Table 1 summarizes results from a series of experiments used to test the effectiveness of various embodiments of a light-blocking device in reducing the intensity of stray light. The experiments were completed on a moving fiber using a draw system with a configuration similar to the one shown in FIG. 4. The actinic light source system 250 was a series of five Hg lamps (9 mm Fusion D bulbs) (Heraeus Noblelight America, LLC, I256/F10T, with reflector box) generating a total power of 375 W/inch along the length of the light source. The spacing between actinic light source 250 and the input end of the second coating sub-system 200B was approximately 27″ (27 inches). A detector was placed adjacent to the input location of the moving fiber into coating sub-system 200B to detect the intensity of stray light 252S. Table 1 shows the intensity of stray light 252S for various light-blocking devices 300. Each light-blocking device 300 surrounded the moving fiber. In Table 1, “ID” means inside diameter.

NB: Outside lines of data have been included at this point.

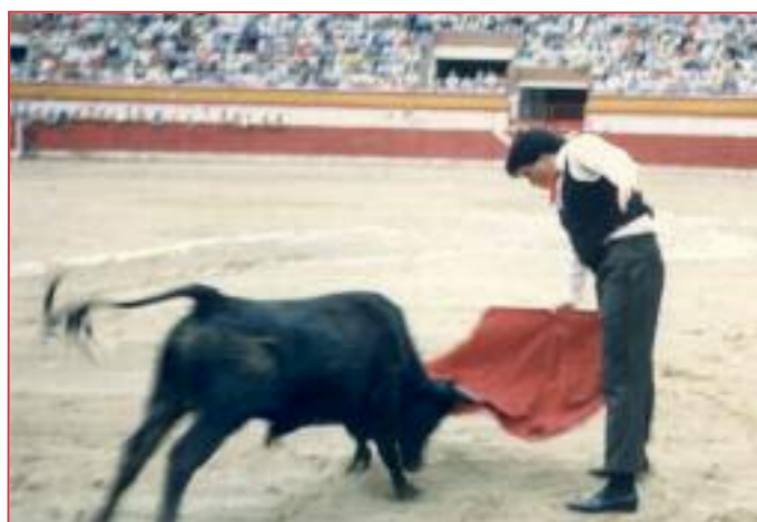
El secretario de La Encerrona también hizo sus pinitos. En una becerrada de las peñas en los años 80.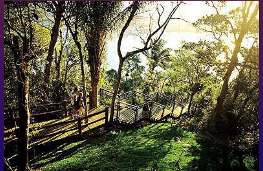
Foto 02 – Escadaria em madeira, numa das paradas da Est. Mata Atlântica.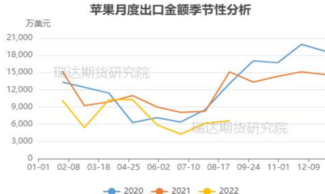
图、苹果出口金额季节性走势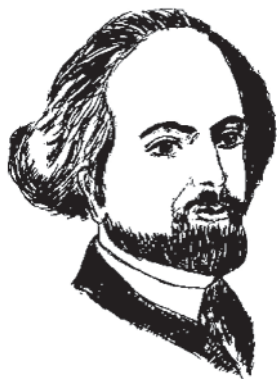
Бердяев Николай Александрович (1874–1948)

сторон. Поэтому философия есть самая незащищенная сторона культуры. Постоянно подвергается сомнениям сама возможность философии, и каждый философ принужден начинать свое дело с защиты философии и оправдания ее возможности и плодотворности. Философия подвергается нападению сверху и снизу, ей враждебна религия и ей враждебна наука. Она совсем не пользуется тем, что называется общественным престижем. Философ совсем не производит впечатления человека, исполняющего социальный заказ 5 .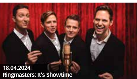
18.04.2024 Ringmasters: It's Showtime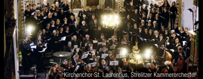
Kirchenchor St. Laurentius, Strelitzer Kammerorchester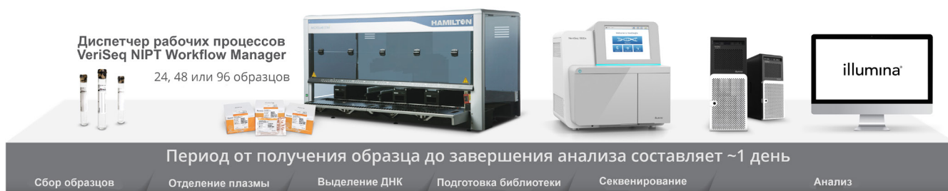
Рисунок 1. Полный рабочий процесс НИПТ для диагностики in vitro : при проведении тестирования с использованием метода VeriSeq NIPT Solution v2 предусмотрено все необходимое для НИПТ с использованием NGS, включая реагенты для выделения ДНК, подготовки библиотек и секвенирования; средства для автоматизации подготовки библиотек и секвенирования с помощью программного диспетчера рабочих процессов; локальный сервер для надежного хранения и анализа данных; а также программное обеспечение анализа данных с возможностью создания отчетов, представляющих качественные результаты.

Метод VeriSeq NIPT Solution v2 очень эффективен, поскольку отличается достоверностью результатов, высокой скоростью их получения и низкой частотой ошибок.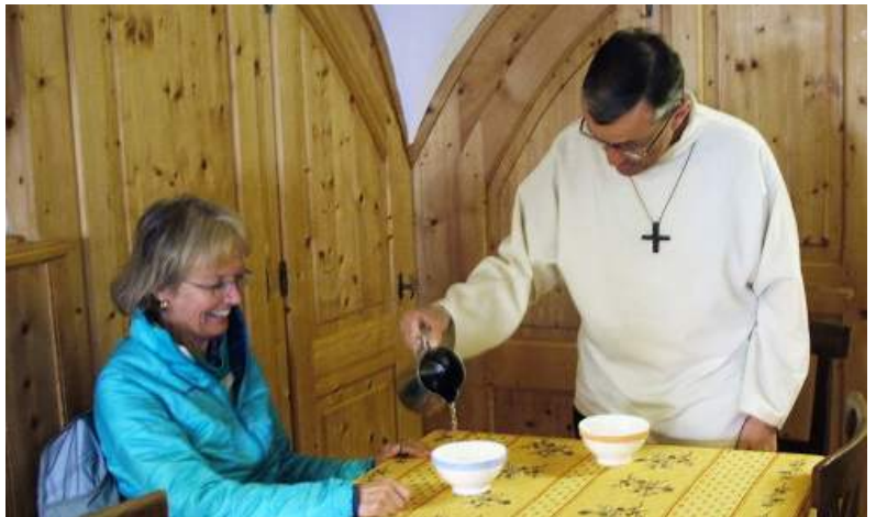
Bienvenue à l'Hospice du Grand-Saint-Bernard.

Quelle joie de se sentir accueillis de cette façon ! La présence des hôtes à l'Hospice a une grande valeur humaine.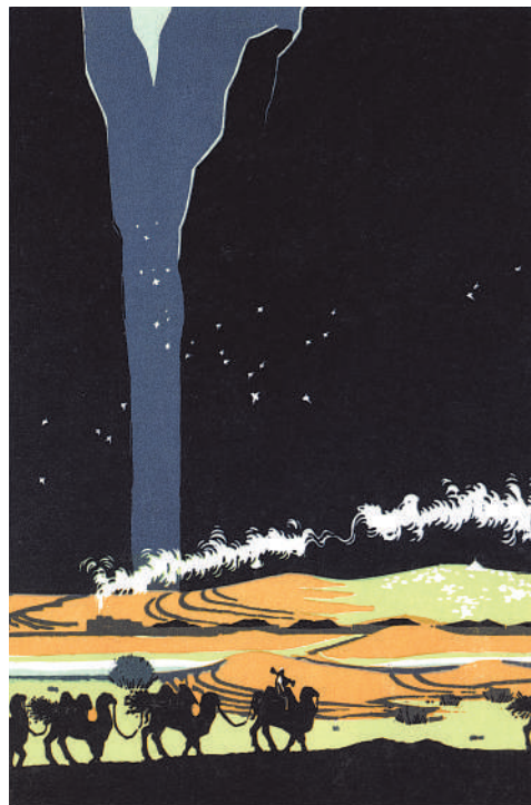
塞北春晓(套色木刻)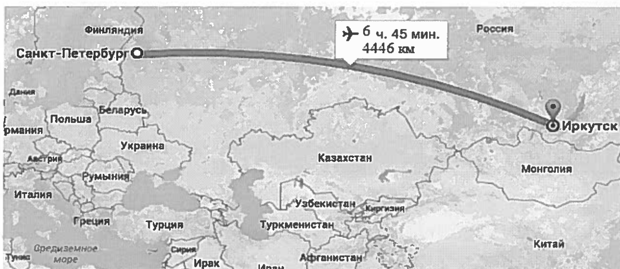
Рисунок 1 – Ортодромия LED – ИКТ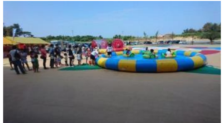
みーや広場プール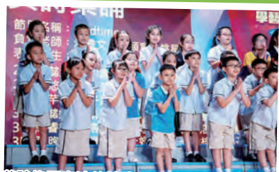
英詩集誦表演的詩歌是Bedtime，講述了小孩子想繼續玩，不想去睡覺的心情。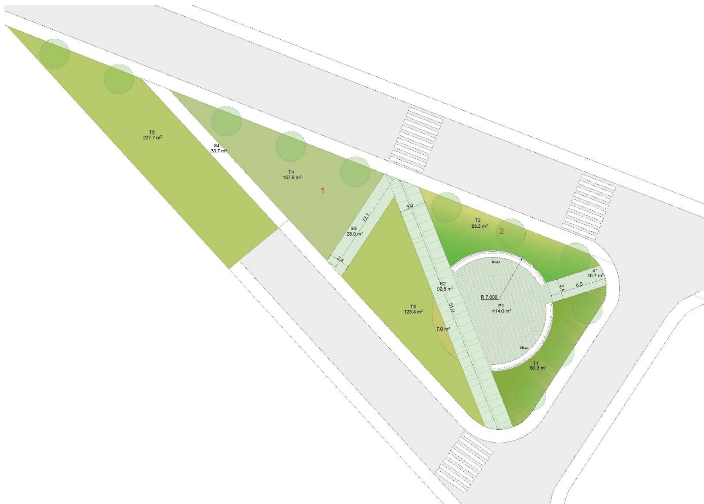
Slika 5. Situacioni prikaz skvera Princeza Ksenija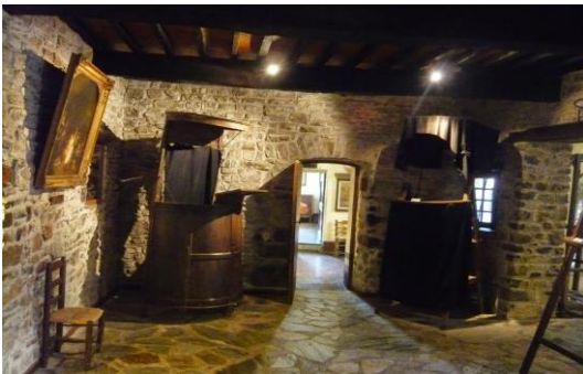
Le musée du Désert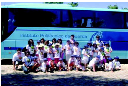
Figura 13 – Grupo da 1ª Semana

Aproveitando a oportunidade que este programa concedeu de se reunirem diferentes faixas etárias no mesmo espaço físico, permitiu então, vivenciar diferentes experiências, adquirir novos conhecimentos, sentir novas dificuldades e ter a certeza, que as crianças são os destinatários com os quais gostaria de um dia vir a trabalhar.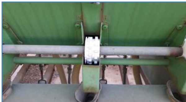
شکل ۱- موزع مخصوص غلات (بالا) و موزع مخصوص ریزدانه (پایین)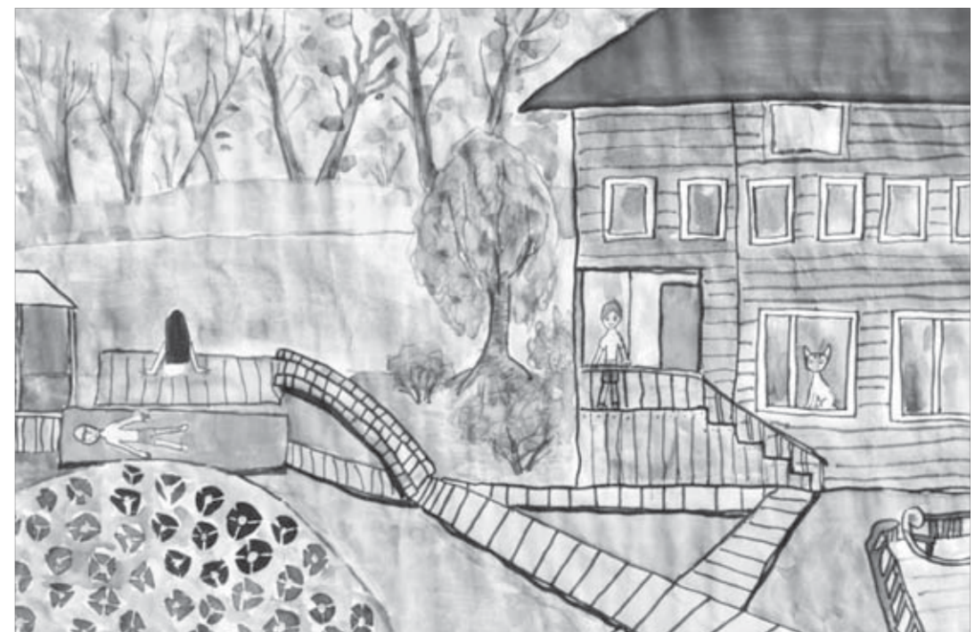
Дарья Ильичева, 13 лет. Самый лучший день на турбазе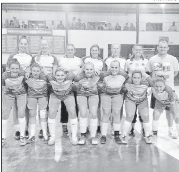
Morro das Alemoas, terceiro lugar no feminino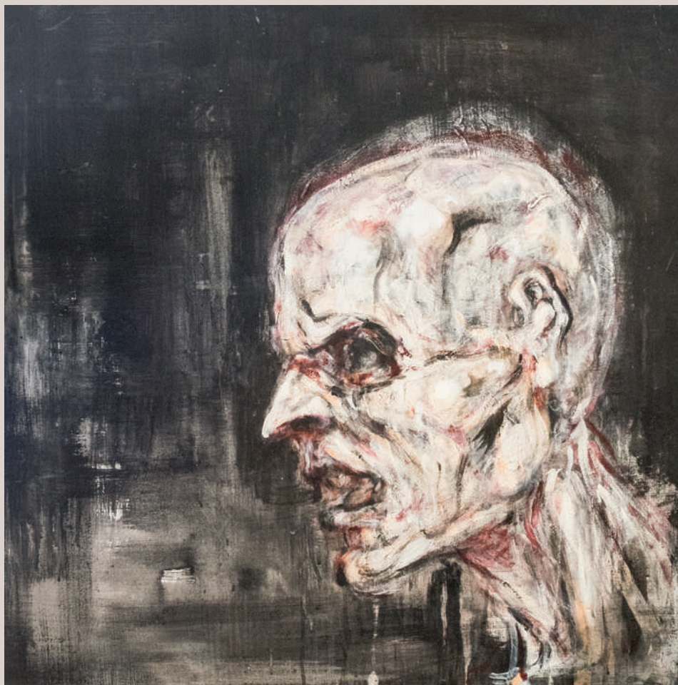
Èdip (Acrílic sobre llenç, 70x70cm)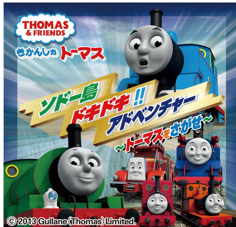
メインビジュアル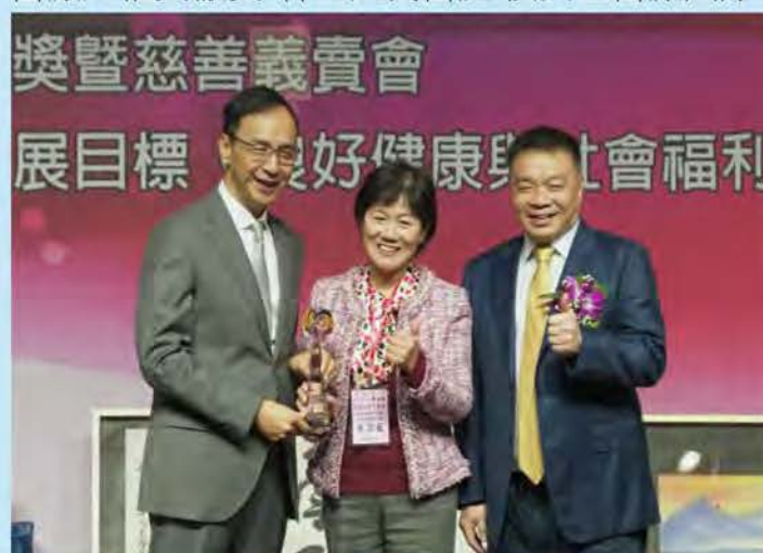
防疫人權貢獻獎-護理師全國聯合會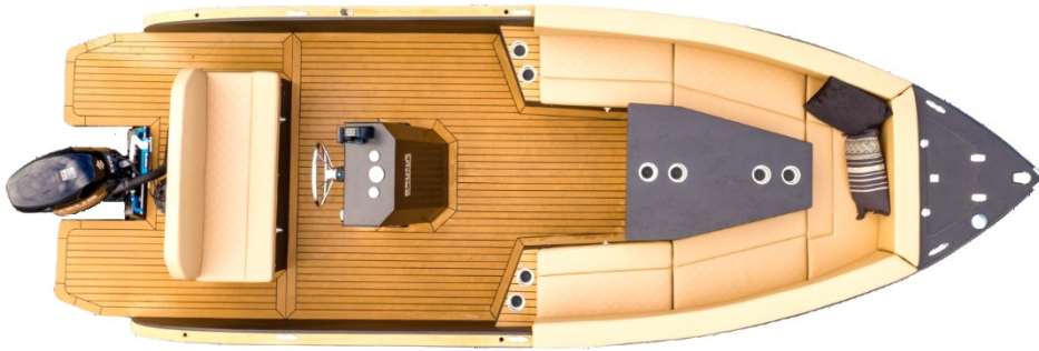
Futuro ZX20 Sport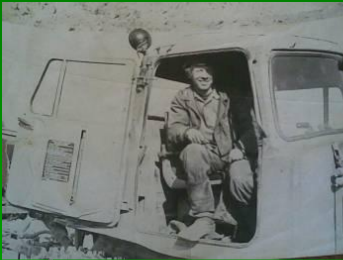
За штурвалом железного коня

Example 1 is a control that excludes a light blocking device. The intensity of stray light at the input of the second coating sub-system was measured to be 90 μW/cm². Examples 2 and 3 use stainless steel tubes with shiny interior surfaces. In these examples, more stray light was incident to the input of the second coating sub-system than in the control example. In Example 4, a stainless steel tube with a shiny black interior surface was used and the intensity of stray light was reduced by more than 50%. Examples 5-12 show results for light-blocking devices consisting of tubes configured with various numbers and sizes of apertures. In each of Examples 5-12, the moving fiber passed through the aperture and significant reductions in the intensity of stray light at the input to the second coating sub-system were observed. Similar results were obtained in offline tests using LEDs operating at 395 nm as the light source.

TABLE 1
		Intensity
Example	Light-Blocking Device	(μW/cm2)
1	None (control)	90
2	1.5″ ID shiny steel tube, 1 ft long	240
3	1.0″ ID shiny steel tube, 1 ft long	105
4	1.0″ ID black shiny tube, 1 ft long	36
5	1″ ID threaded tube with 2 iris apertures: #1	3
	aperture at 10 mm ID and #4 aperture at 10
	mm ID, 15″ long tube
6	1″ ID threaded tube with 2 iris apertures: #1	<0.02
	aperture at 0.8 mm ID and #4 aperture at 10
	mm ID, 15″ long tube
7	1″ ID threaded tube with 2 iris apertures:	1
	tube #1 aperture at 5 mm ID and #4
	aperture at 10 mm ID, 15″ long tube
8	1″ ID threaded tube with 4 iris apertures: #1-	3
	#4 apertures at 10 mm ID, 15″ long tube
9	1″ ID threaded tube with 4 iris apertures: #1	1
	aperture at 5 mm ID and #2-#4 apertures at
	10 mm ID, 15″ long tube
10	1″ ID threaded tube with 4 iris apertures: #1	0.7
	& #2 apertures at 5 mm ID and #3 & #4
	apertures at 10 mm ID, 15″ long tube
11	1″ ID threaded tube with 4 iris apertures: #1-	0.5
	#3 apertures at 5 mm ID and #4 aperture at
	10 mm ID, 15″ long tube
12	1″ ID threaded tube with 4 iris apertures: #1-	0.5
	#4 apertures at 5 mm ID, 15″ long tube

Aspect 1 of the description is:

A coating system for coating a moving optical fiber, comprising:

a first coating sub-system, the first coating sub-system configured to apply a first coating material to a moving optical fiber, the first coating sub-system comprising a source of actinic light configured to generate actinic light for curing the first coating material to form a first coating on the moving optical fiber, the source of actinic light further generating stray actinic light, the stray actinic light exiting the first coating sub-system;

a second coating sub-system containing a second coating material, the second coating sub-system configured to receive the moving optical fiber and to apply the second coating material to the first coating; and

a light-blocking device operably disposed between the first and second coating sub-systems, the light-blocking device configured to receive the moving optical fiber, the light-blocking device further configured to receive the stray actinic light exiting the first coating sub-system and to direct the stray actinic light to the second coating sub-system, the stray actinic light entering the light-blocking device at a first intensity, the first intensity sufficient to cause formation of a gel from the second coating material in the second coating sub-system within a first time period, the light-blocking device attenuating the stray actinic light such that (i) none of the stray actinic light is incident to the second coating sub-system or (ii) the stray actinic light exiting the light-blocking device is incident to the second coating sub-system at a second intensity, the second intensity insufficient to cause formation of a gel from the second coating material in the second coating sub-system within a second time period, the second time period being at least a factor of two longer than the first time period.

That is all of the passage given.